On the third day of the 2004 expedition, the team members spotted something embedded in the bluff--a crocodile-like snout.
"We did a few high fives when we uncovered the fossil, but there's only so much celebrating you can do in the Arctic," said Shubin, chairman of organismal biology at the U. of C.
It wasn't until the scientists got the material back to their lab and teased the fossil from the rock that they fully realized what they had.
"What we saw was a real mosaic between characteristics of fish and those previously thought to be only in land animals. The fossil was showing us how creatures were assembled over time to live on land," Shubin said.
Unlike any fish known to exist before or after it, Tiktaalik had jointed bones in its pectoral fins making up parts of an elbow and a wrist and primitive parts of a hand.

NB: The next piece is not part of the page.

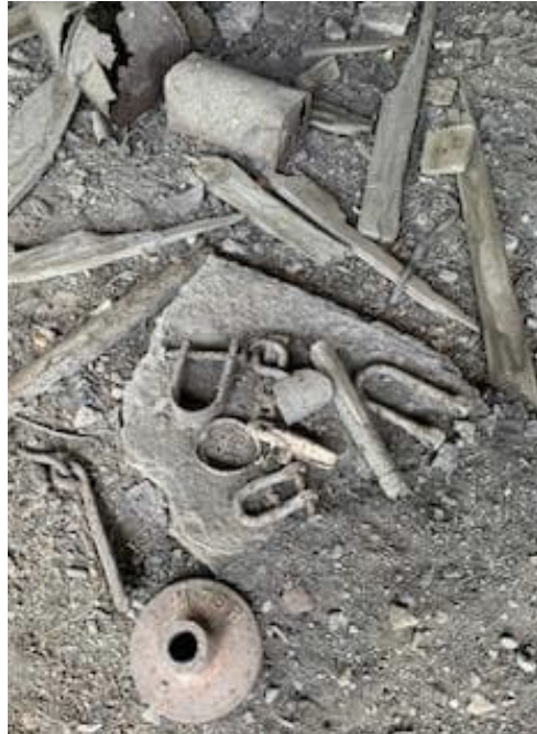
Field Trippers Taking Advantage of the Shade in the Rock Shelter Behind the Ranch House Area, and some Historic Metal Artifacts on its Floor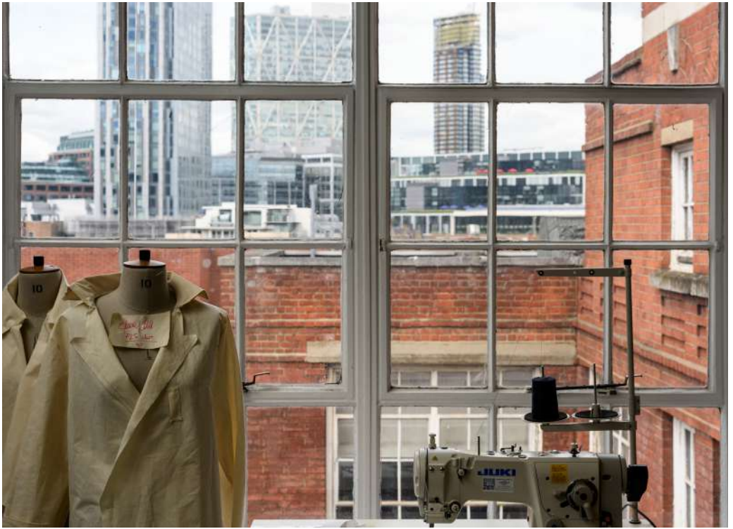
View of the city from the pattern cutting studio.

The creature would have been capable of a sort of pushup, Shubin said, but its mobility on land would have been limited.
"The skeleton of Tiktaalik indicates that it could support its body under the force of gravity whether in very shallow water or on land," Jenkins said.
Researchers ultimately collected well-preserved material from several specimens ranging from 4 to 9 feet long and determined Tiktaalik was a predator with sharp teeth, a crocodile-like head and a flattened body.
They speculate that crawling out of the water allowed the animal to escape pursuit by other, fiercer aquatic meat-eaters.
"This is an example of an important and extremely interesting transitional form between fish and tetrapods. It's wonderful material. The surprise is that the material is so well-preserved you can study that transition in detail," said John Bolt, curator of fossil amphibians and reptiles at the Field Museum.
The discovery suggests the transformation from life in water to life on land happened gradually in fish living in shallow water.
When Tiktaalik was alive, the land where the scientists found it was located at the equator and had a subtropical climate.
Over millions of years, drifting continental plates brought the area north to the Arctic.
"It's the best fish-fossil found so far to show how the first land animals evolved," said Jenny Clack, a land-animal evolution expert from Cambridge University who contributed an article in Nature explaining the significance of the find and comparing it to Archaeopteryx.
"It confirms everything we thought and also tells us about the order in which certain changes occurred."